Some people claim that a revocable living trust keeps a family’s affairs private. The Washington state legislature changed the laws to allow a personal representative the right not to file an inventory when a person dies. However, the personal representative must file the person’s will within 40 days of the person’s death. Thus, who would receive a person’s property remains available to the public if they request a copy of the will from the court clerk’s office where the will was filed.
10. Creditor Protection.
Also, a revocable living trust does not provide any added protection from creditors. A creditor of the grantor can attach any property placed into the revocable living trust. At the time of death of either a grantor or a testator of a will, the successor trustee or the personal representative can file Notice to Creditors. By publishing Notice to Creditors, all unknown creditors and any known creditors who received actual notice will not be able to file a creditor’s claim against the estate or the trust after the later of 30 days from actual notice if the creditor should have been known, or four months from the date notice was first published.

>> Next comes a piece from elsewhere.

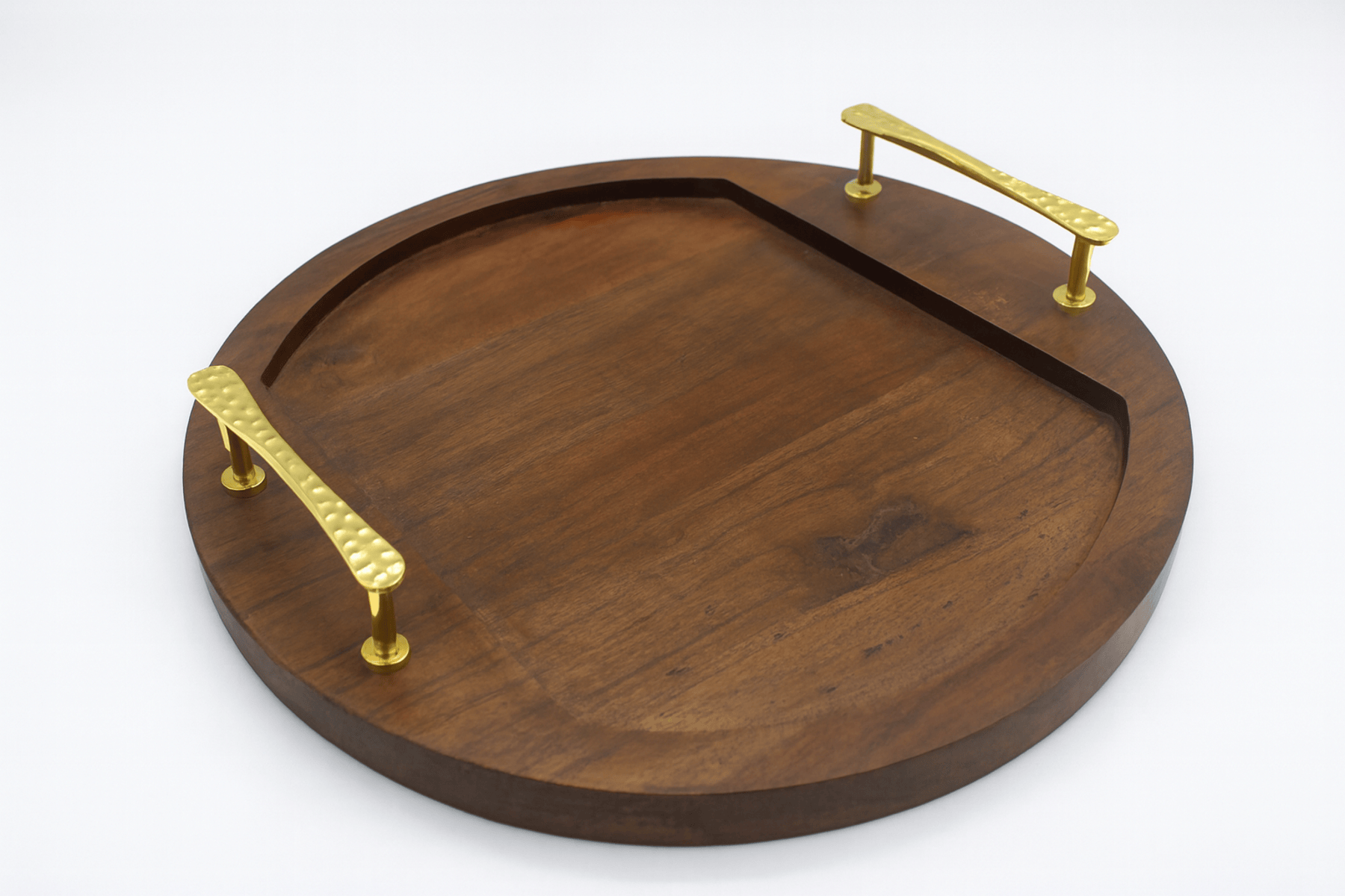 Bring elegance and functionality to your hosting with this handcrafted round wooden serving tray. Made from rich, durable wood, it features a smooth finish and beautifully hammered gold-toned handles that add a touch of luxury.

11. Distribution of Property.
Other claims about revocable living trusts include that the trustee will distribute the assets sooner than a personal representative under a will. A prudent trustee or personal representative will not distribute the property until after the four-month time period has passed for the notice to creditors being published, or after any estate taxes have been paid and the IRS has mailed out the closing letter stating that no additional taxes are due.
12. Tax Savings Provisions.
Revocable living trusts and wills can contain the same tax provisions. This includes both the bypass trust to utilize both a husband and wife’s amount exempt from estate taxes and the generation-skipping exemption provisions which allow a husband and wife to each pass the amount exempt from federal generation-skipping taxes to their grandchildren without the generation-skipping tax applying to them.
In conclusion, except for the three specified situations, a Washington resident typically is better served by a will than a revocable living trust. Since the will covers all property not passing by beneficiary designation, and probate is not a huge problem that needs to be avoided in Washington, wills generally cost less to create. A person does not need to change ownership of his or her assets or use a special title for a will to work effectively.